Подойдя ближе, Ганс замечает, что солдаты здесь такие же пьяные, как в Гжатске, но пребывают в гораздо худшем расположении духа. Ганс спрашивает первого попавшегося из них, знает ли тот его брата Вернера. Нет, не знает. Следующий тоже не знает, никто не знает, никто не хочет разговаривать с Гансом, только седьмой или восьмой, к которому он обращается, наконец отвечает:
– Да, конечно. Он с минуты на минуту выйдет из канцелярии. Кстати, вон там есть вода для лошади.
Ганс дает уставшей кобыле напиться, а сам, внезапно обессилев, прислоняется к ее теплому туловищу и смотрит, как темнота полностью покрывает землю. Он совсем не думал о том, как ему придется возвращаться.
Вернер при виде Ганса выглядит напуганным – должно быть, уже догадывается, что в столь поздний час брат мог прийти только с дурными вестями.
– Ты получил письмо? – без предисловий спрашивает Ганс.
Вернер оглядывается:
– Не здесь!
Они привязывают лошадь к столбу и молча отходят в сторону, туда, где не видно солдат, Ганс всю дорогу прикусывает язык, чтобы не сболтнуть лишнего. Уже совсем стемнело, он с трудом может разглядеть идущего рядом Вернера, и только чавканье сырой земли под сапогами убеждает его, что брат все еще здесь.
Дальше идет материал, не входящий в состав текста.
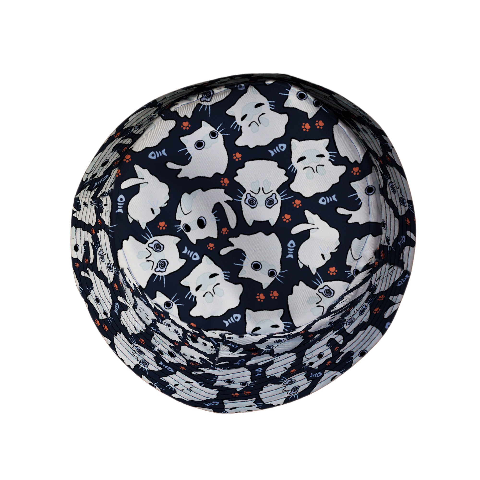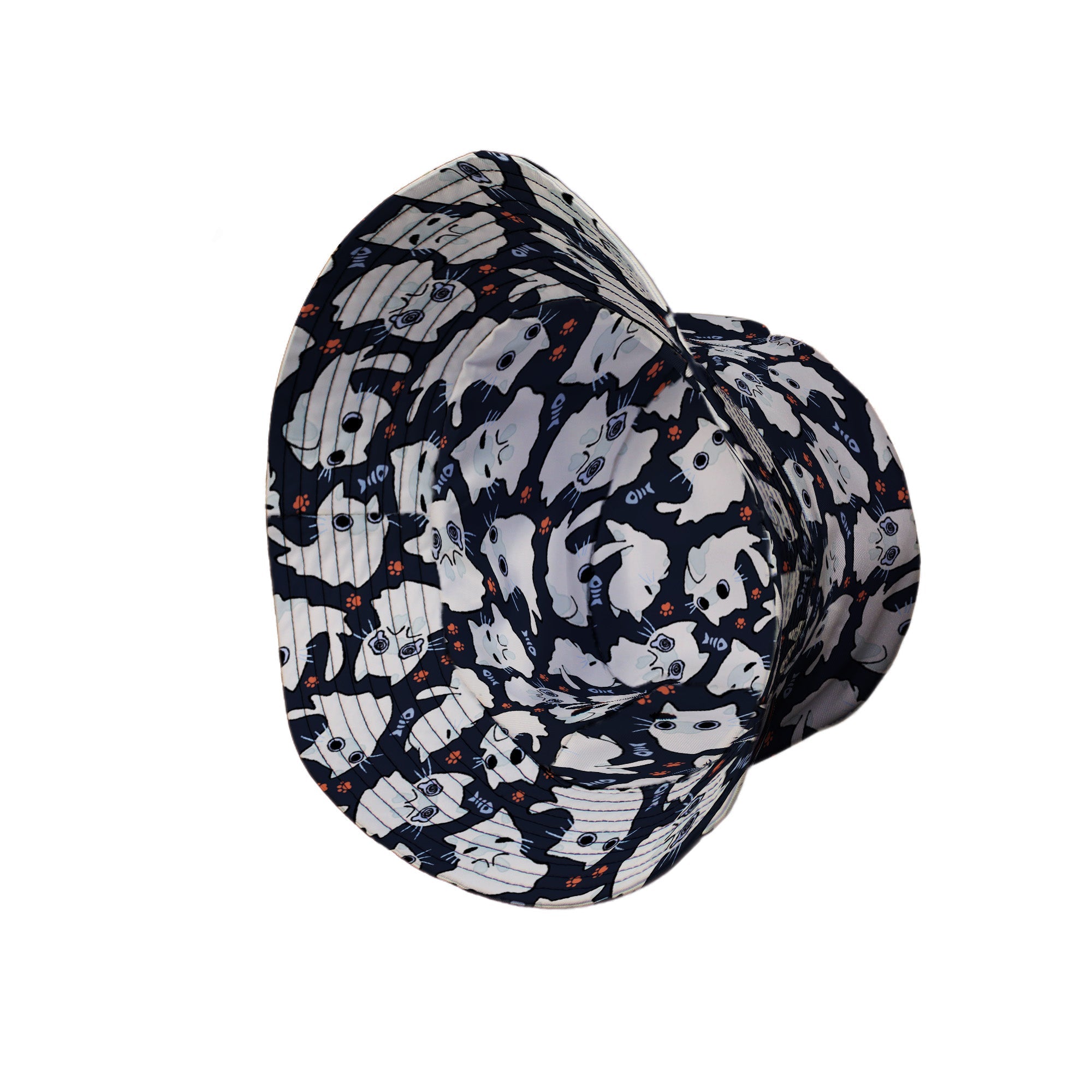 Ghost Cats Bucket Hat brings playful paranormal energy to your fit, with an all-over parade of floaty feline spirits wrapping the crown and brim. Minimal, sheet-like cat silhouettes with rounded ears and mischievous expressions blend spooky and silly. Flip it and the print continues on both sides, keeping your look seamless. Lightweight, roll-up ready, and designed by Ardi Tong for Geek Tropical’s artist-backed style.
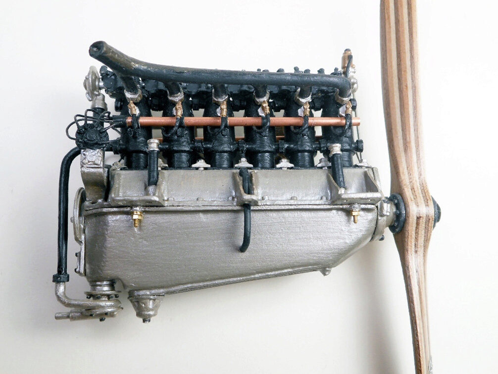 Holzmodellbausatz eines deutschen Flugzeugmotors. Dieses Modell aus dem Jahr 1917 wurde in der Albtatros D VA verwendet, wie sie auch der Rote Baron flog. Detailliertes Model aus Holz und Metall im Maßstab 1/16. Anleitung in Englisch.

– Мы отошли достаточно далеко, – говорит Вернер через некоторое время и останавливается: – О каком письме речь?
– Суд…
Погрузившись в свои дела, Ганс почти забыл о судебном процессе. Как оказалось, февральский донос секретарши все же имел последствия: отца приговорили к четырем месяцам тюремного заключения. Четыре месяца жизни – такова цена за то, чтобы назвать вещи своими именами. И четыре месяца без работы, потому что никто не знает, как будет существовать бюро налогового аудита и на что будет жить семья. Софи снова придется просить денег у своего Фрица, Трауте уже отправилась в Ульм, чтобы помочь Инге с делами. Трастовым фондом отца временно управляет старый друг семьи Ойген Гриммингер, который готов помочь и материально, однако в общем и целом перспективы кажутся довольно мрачными.
– Мама и тебя попросит написать прошение о помиловании, – объясняет Ганс брату. – Она надеется, что послание от сыновей с фронта будет весомее того, что могли бы написать они с сестрами. Но это неправда. А даже будь правдой, нам тем более нельзя уступать, понимаешь? Нельзя идти ни на какие уступки этому правительству, ни на какие, даже самые незначительные. Да и что мы напишем? Что отец имел в виду что-то другое? Что секретарша неправильно его поняла? Или даже: отец помутился рассудком, потому нес чепуху? Милосердие преступного режима унизительнее любого наказания, и нашему отцу такое унижение понравилось бы меньше всего!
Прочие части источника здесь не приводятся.